There are actors whose name serves as a subgenre; you hear that they’re involved and generally you will have a good idea of what you’re in for, and in the case of Nicolas “NOT-THE-BEES-DEAR-GOD-NOT-THE-BEES” Cage, you’re prepared for a crazy good time and Brian Taylor’s Mom and Dad is no exception. In it, a strange event is occurring, suddenly parents are attempting to murder their own children. In the midst of the chaos Carly (Anne Winters) and her little brother Josh (Zackary Arthur) attempt to stay alive whilst under siege in their home from their own parents Kendall (Selma Blair) and Brent (Nicolas Cage).
Sometimes you just need a good old-fashioned breakdown of society, full of ridiculous violence to tear down the frankly already rather unsettling American suburbia. The film opens with these oddly 70s-esque opening credits; half sitcom, half exploitation film, and really that is in many ways what Mom and Dad is; a Grindhouse movie throwback but one that doesn’t need to constantly add over-the-top visual flourishes to remind you that’s what it is (unlike that 2007 double-feature I could mention). The scenes of parent on child violence, which the movie wastes very little time in getting to, are horrible but the film never dwells on the gory details more than required and does leave some things more implied, all the more terrible for it. It’s just the right level of outrageous. However, a certain scene set in a maternity ward may mean that you will never be able to listen to Roxette’s ‘It Must Have Been Love’ in quite the same way ever again.

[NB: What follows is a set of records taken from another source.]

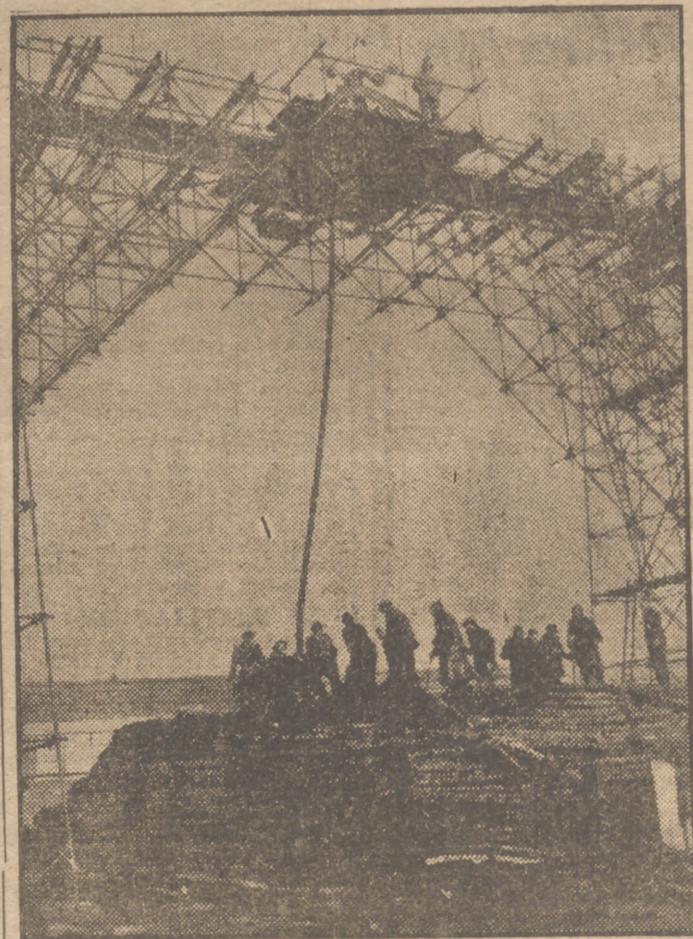
Los aliados llamaron "Pluto" a la manguera tendida bajo el mar entre Inglaterra y Francia por la que se suministró la gasolina a los vehículos de motor que intervinieron en la invasión del Continente. Ahora se procede a recoger el vital instrumento de la victoria aliada. El nombre de "Pluto" se deriva de las iniciales de "Pipe Line under the Ocean".
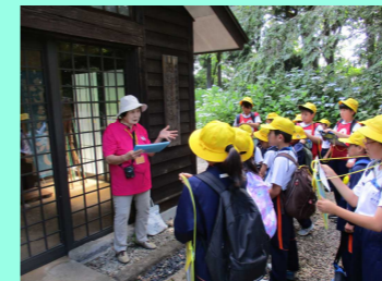
地域ウォーク【黒羽地区】
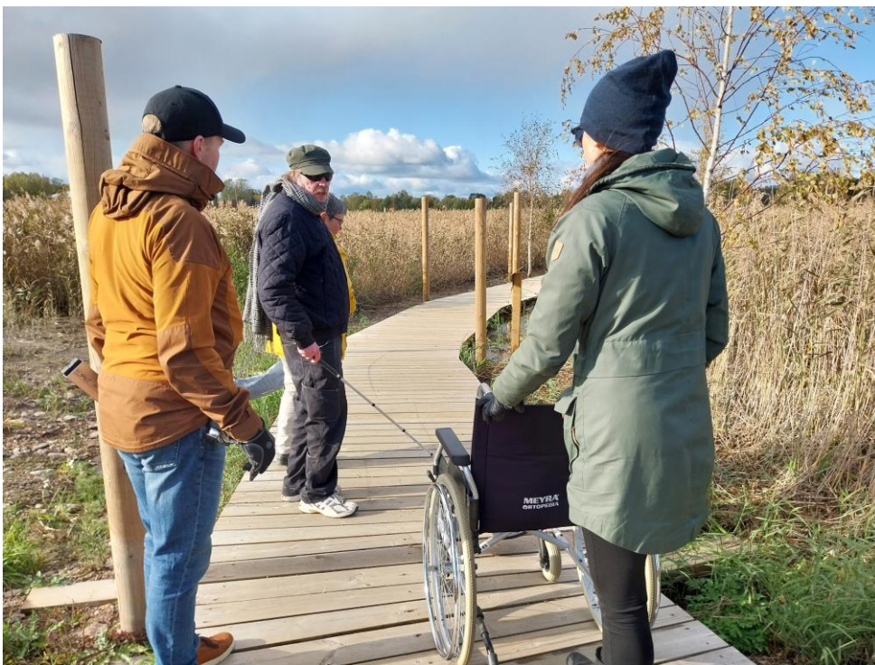
Kuva 14 Ruokopolku ilman suojariekaa
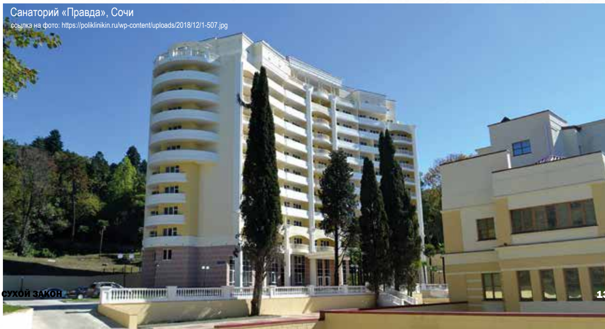
Санаторий «Правда», Сочи

Кстати, совсем недавно, в канун летнего наплыва отдыхающих, ООО «Пенетрон-Сочи» завершило серьезный проект в санатории «Правда». Это санаторий с большой, 80-летней, историей в красивейшей части города, между Курортным проспектом и берегом Черного моря с уникальным, одним из старейших в городе парков. Здесь с применением материалов системы Пенетрон гидроизолированы шесть лифтовых приемков.
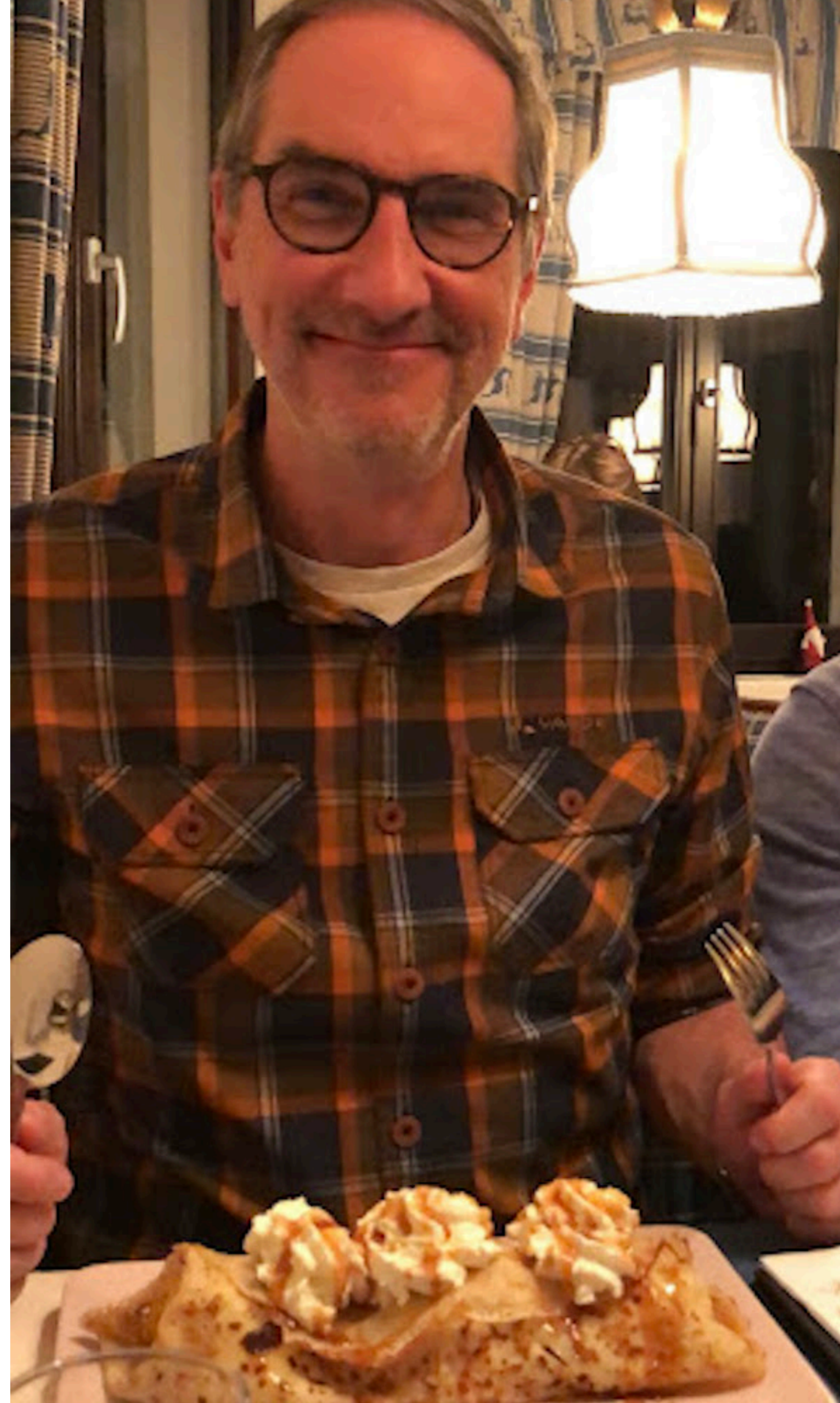
Wer kann dazu schon "Nein" sagen: Übergrößen beim Nachtisch

Selbstbestimmung und Freiheit bekommen wir nur, wenn wir uns aktiv entscheiden "Nein" zu sagen, Dinge sein zu lassen. Auf Verpflichtungen zu verzichten. Verantwortung abzugeben.
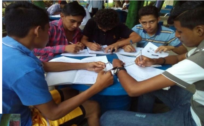
Estudiantes de primer año del Técnico General en Mecánica Automotriz
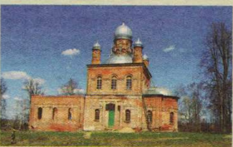
Михаило-Архангельский храм села Шарапово 1873-1937гг. Начало возрождения — 2000 год

27, воскресенье. Неделя 24-я по Пятидесятнице. Апостола Филиппа. Святителя Григория Паламы, архиепископа Фессалонитского. Заговенье на Рождественский (Филиппов) пост.
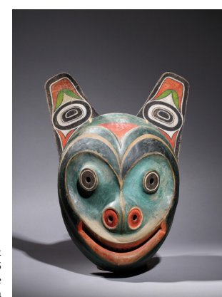
Maurice G. Dérumaux Typique masque Curs Tingit, 1965-75 Bois, rawhide, peinture, lanière de peau, corde 28 x 21,5 cm
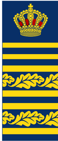
2 Överdirektör, Chefen för polisavdelningen vid Rikspolisstyrelsen, Rikskriminalchef, Länspolismästare i Stockholms län, Västra Götaland och Skåne
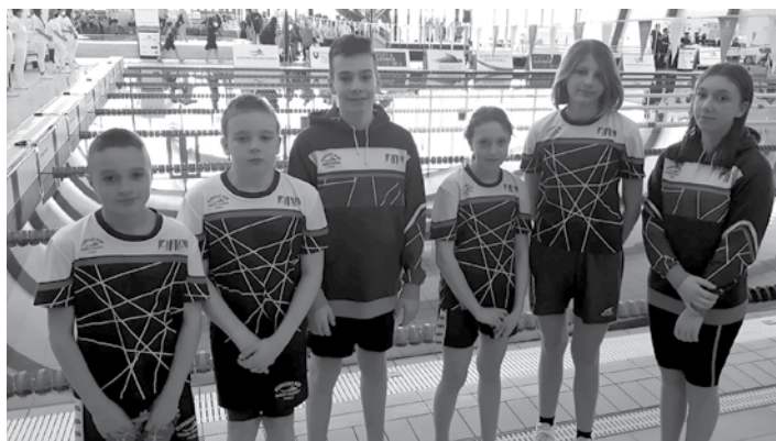
Plavci PK Banská Štiavnica

50m VZ 11. miesto, 100m VZ 20. miesto, 200m VZ 10. miesto, 400m VZ 9. miesto, 800m VZ 6. miesto, 100m P 22. miesto, 100m motýlik 8. miesto, 100m PP 17. miesto, Čamaj Ján: 50m VZ 7. miesto, 100m VZ 5.
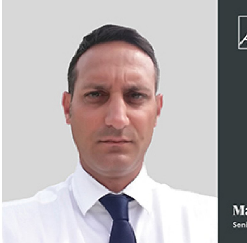
Il nuovo servizio di AXA XL per la mitigazione dei rischi ambientali

BANOR SIM PRESENTA LA QUARTA RICERCA ESG IN COLLABORAZIONE CON IL POLITECNICO DI MILANO
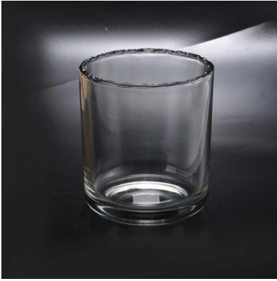
einzigartige Wohnkultur Spitze Spitzenhalter
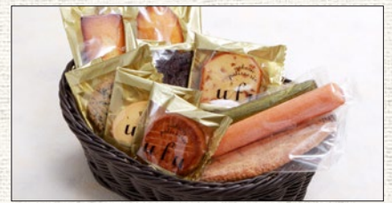
焼き菓子盛合わせ (約10名様分) Baked sweets (for 10pieces)

税抜 ¥7,500 (税込 tax incl. ¥8,250) tax excl.
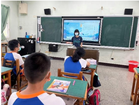
說明：學生認真參與
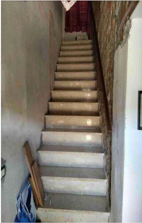
Ingresso su disimpegno e scala
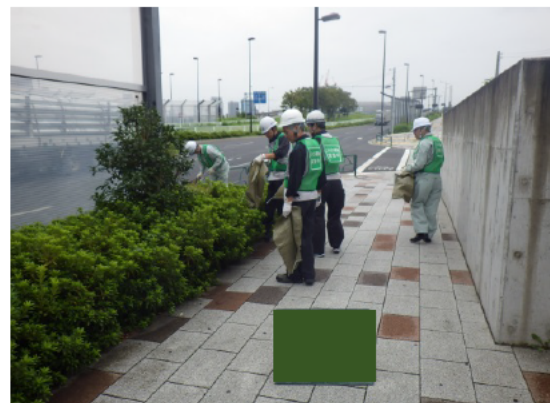
写真 3-12 環境保全のための措置の実施状況 (周辺における清掃)
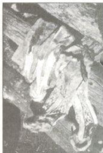
Зимняя обувь: женская - слева, мужская - справа

Многие создавали запасы мехов, передавали их по наследству, включали в состав калыма, использовали в качестве подар-
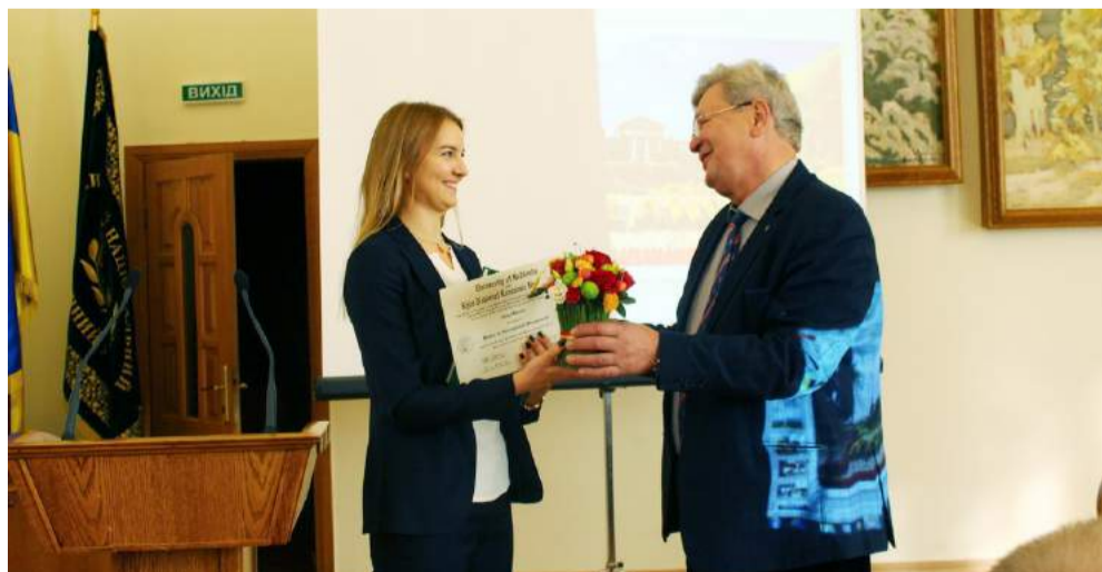
Вручення спільних дипломів студентам англійськомовних програм Магістр ділового адміністрування (MBA) та Магістр міжнародного менеджменту (MIM)

подякував керівництву та викладацькому корпусу університету за якісну освіту та підтримку. Цікавий кейс із професійного життя маркетингологів однієї з відомих міжнародних компаній, став яскравим прикладом необхідності швидкого адаптування в сучасному бізнес-середовищі.
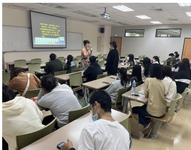
形象塑造-護理師上班適合裝扮

As for the man of the hour (and twenty-three minutes), this is a level even beyond what we have seen from Nicolas Cage before in terms of being crazy and it is so much fun to watch. The film doesn’t even try to present him as an average everyman, already a simmering pot of middle aged frustration and wackiness from the get-go and it works, particularly because you’ve got Selma Blair there to handle the more dramatic emotional beats of the movie. Although don’t let that make you think that she doesn’t have her great unhinged moments as well, and when she and Cage are onscreen together it’s a perfect storm of madness, as they trade playful bickering whilst discussing the best way to kill their offspring. Said kids really sell the danger in what is almost a reverse home invasion as they try to avoid their parents. Newcomer Robert Cunningham as Carly’s boyfriend Damon, particularly, has good presence and makes for a minor standout. Then, just when you think the movie has run out of ideas, the grandparents arrive and it ups the stakes even more.
The ending is a little abrupt and may leave some unsatisfied, but this isn’t a movie designed to give you answers. It is here to be as off the wall as possible and it does that in spades. Mom and Dad is a thrill ride from start to finish, so just sit back and enjoy the mayhem.